Task instructions
With any pictures left out, restate word for word the lines in the listing below from the one holding "Ideal para elevar" through the last.

Start of Provided data

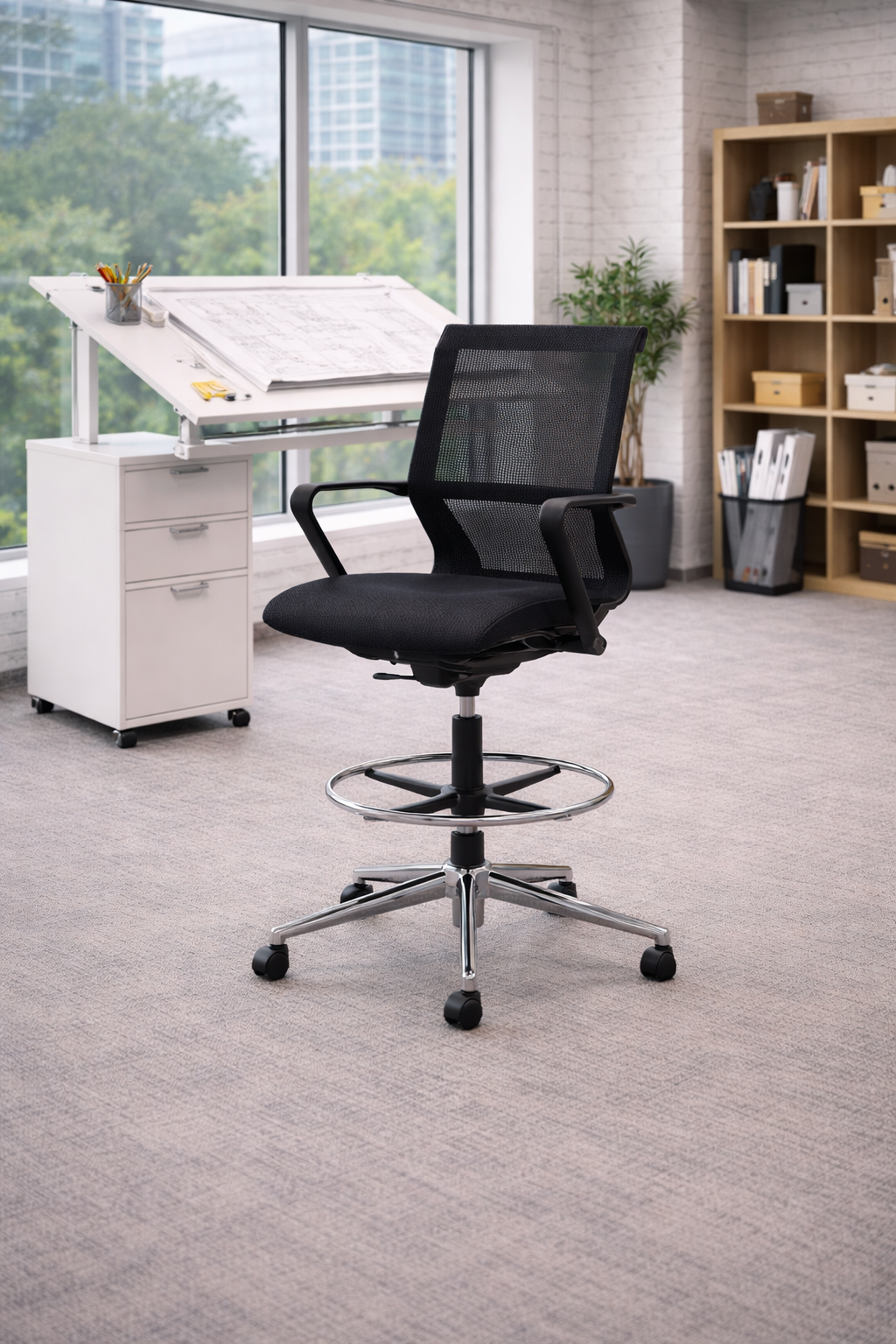 The Ellin Drafting Chair 2 has a stunning design, exquisite curves and practical function come together in this beautiful all-round package.
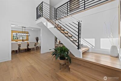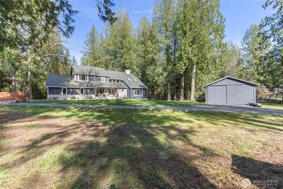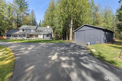 Welcome to this storybook 4.34-acre equestrian mini-ranch in desirable Maple Valley—Completely renovated this impressive 4,460 sq ft home and covered parking for 14 cars, showcases a grand entry w/striking modern floating staircase & rich hardwood floors. Gourmet kitchen is a true centerpiece, featuring newer SS appliances, quartz counters, & a dramatic waterfall island, perfect for entertaining. The expansive great room boasts a stunning 3-story tiled fireplace, soaring ceilings, & abundant natural light from skylights. This spacious home offers 5 bedrooms, including 4 upstairs with a luxurious primary suite featuring a 5-piece bath, skylight, extended hardwoods, & a private balcony w/tranquil views. Additional large bedroom on the lower level offers flexibility & comfort. Fully finished basement w/9’ ceilings provides exceptional living space w/media room, office, & additional gathering areas. Smart home technology allows remote control of garage, appliances, & thermostats for mo
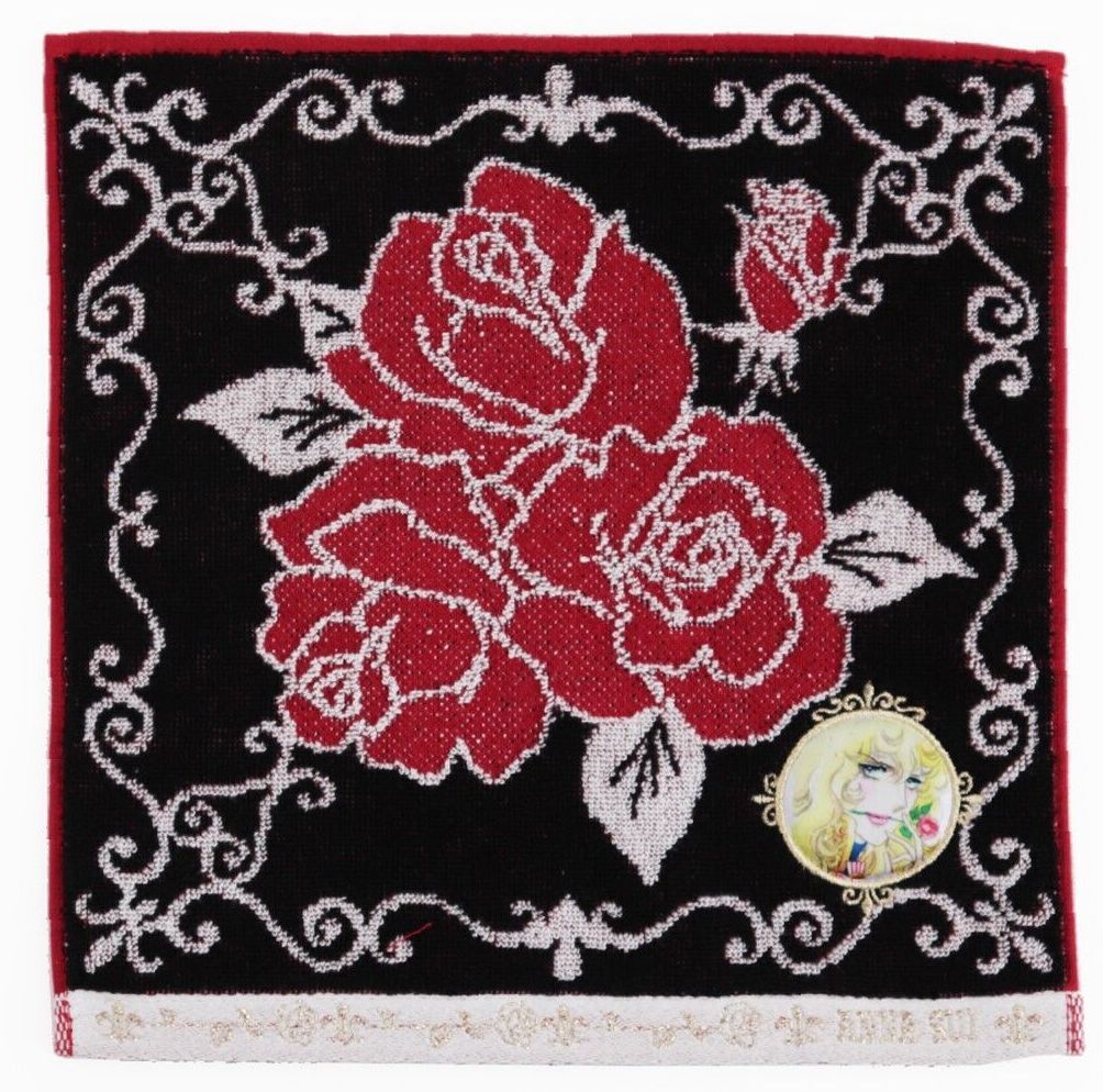 - 限定完売品アナスイ【ベルサイユのバラ】ANNA SUI ×ベルばらコラボ オスカル様アップリケ タオル ハンカチ(25cm角)赤黒 新品タグ付
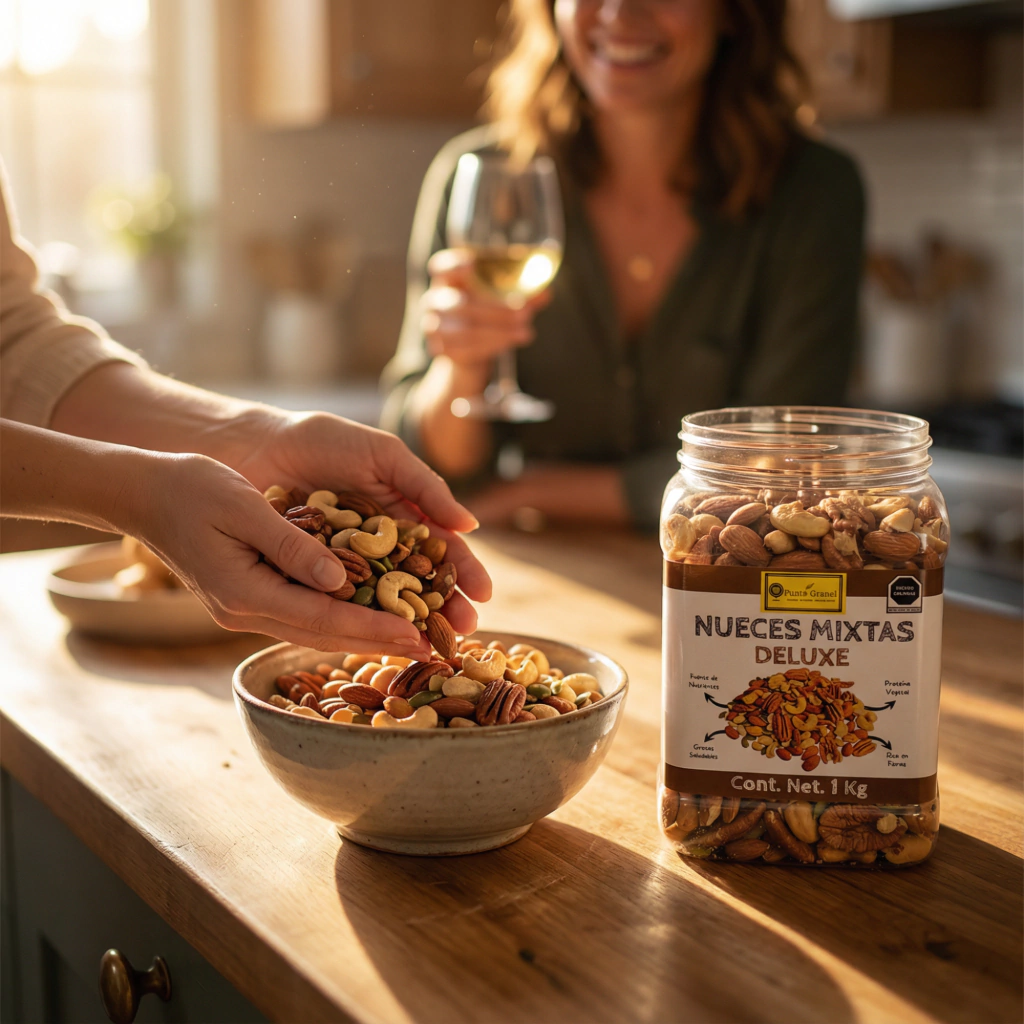Ideal para elevar tus reuniones como una botana sofisticada, para llevar energía extra a la oficina o simplemente para disfrutar un momento gourmet en casa. Su composición superior, con menos relleno y más nueces selectas, lo convierte en la alternativa definitiva frente a los mixes convencionales.
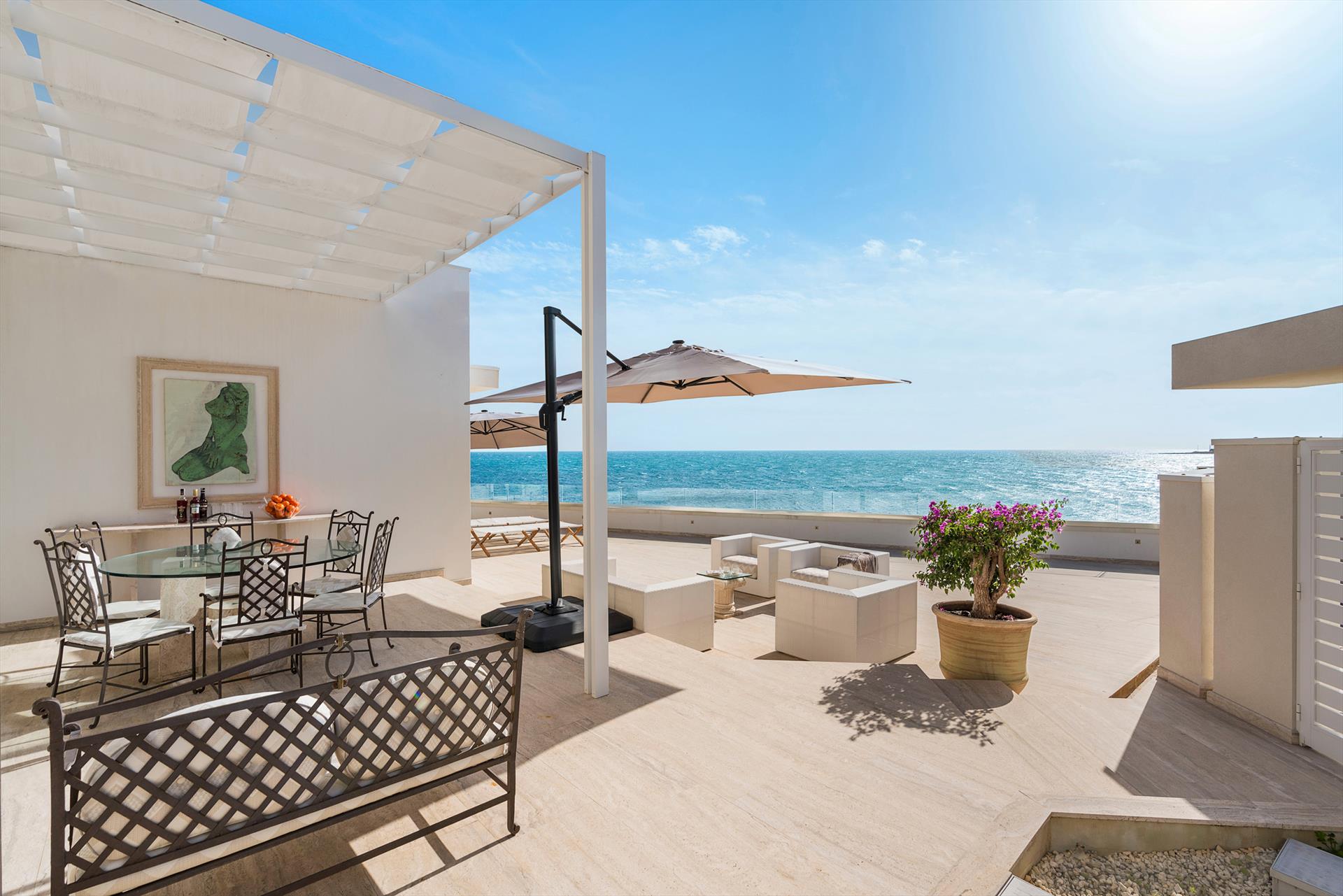 Terrace with pergola and solarium. First floor: solarium, bar area, and hot tub.

End of Provided data

Exercise response
Ideal para elevar tus reuniones como una botana sofisticada, para llevar energía extra a la oficina o simplemente para disfrutar un momento gourmet en casa. Su composición superior, con menos relleno y más nueces selectas, lo convierte en la alternativa definitiva frente a los mixes convencionales.
 Terrace with pergola and solarium. First floor: solarium, bar area, and hot tub.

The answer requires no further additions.